Technology / Mon, 03 Jun 2024 Ars Technica

Google accidentally published internal Search documentation to GitHub

Google apparently accidentally posted a big stash of internal technical documents to GitHub, partially detailing how the search engine ranks webpages. The leak contains a ton of API documentation for Google’s “ContentWarehouse,” which sounds a lot like the search index. The SEO community is still poring over the documents and using them to build assumptions on how Google Search works. A lot of the documentation is exactly how you would expect a search engine to work. For instance, now that people know that the click-through rate affects search ranking, couldn't you boost a website's listing with a click farm?

Google apparently accidentally posted a big stash of internal technical documents to GitHub, partially detailing how the search engine ranks webpages. For most of us, the question of search rankings is just "are my web results good or bad," but the SEO community is both thrilled to get a peek behind the curtain and up in arms since the docs apparently contradict some of what Google has told them in the past. Most of the commentary on the leak is from SEO experts Rand Fishkin and Mike King.

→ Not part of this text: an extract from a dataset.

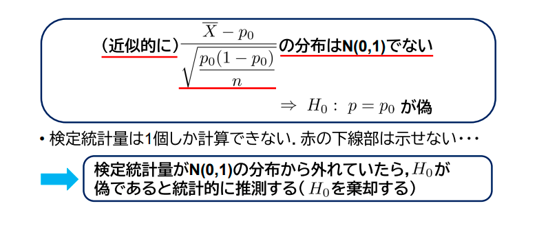 母集団分布のパラメータの仮説を立てて,標本から判定する.†

Google confirmed the authenticity of the documents to The Verge, saying, “We would caution against making inaccurate assumptions about Search based on out-of-context, outdated, or incomplete information. We’ve shared extensive information about how Search works and the types of factors that our systems weigh, while also working to protect the integrity of our results from manipulation.”

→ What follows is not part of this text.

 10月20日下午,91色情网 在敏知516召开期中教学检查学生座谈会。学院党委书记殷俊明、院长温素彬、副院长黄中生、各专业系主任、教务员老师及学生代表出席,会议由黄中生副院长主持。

The fun thing about accidentally publishing to the GoogleAPI GitHub is that, while these are sensitive internal documents, Google technically released them under an Apache 2.0 license. That means anyone who stumbled across the documents was granted a "perpetual, worldwide, non-exclusive, no-charge, royalty-free, irrevocable copyright license" to them, so these are freely available online now, like here.

The leak contains a ton of API documentation for Google’s “ContentWarehouse,” which sounds a lot like the search index. As you'd expect, even this incomplete look at how Google ranks webpages is impossibly complex. King writes that there are "2,596 modules represented in the API documentation with 14,014 attributes (features)." These are all documents written by programmers for programmers and rely on a lot of background information that you'd probably only know if you worked on the search team. The SEO community is still poring over the documents and using them to build assumptions on how Google Search works.

Both Fishkin and King accuse Google of "lying" to SEO experts in the past. One of the revelations in the documents is that the click-through rate of a search result listing affects its ranking, something Google has denied goes into the results "stew" on several occasions. The click tracking system is called "Navboost," in other words, boosting websites users navigate to. Naturally, a lot of this click data comes from Chrome, even when you leave search. For instance, some results can show a small set of "sitemap" results below the main listing, and apparently a part of what powers this is the most-popular subpages as determined by Chrome's click tracking.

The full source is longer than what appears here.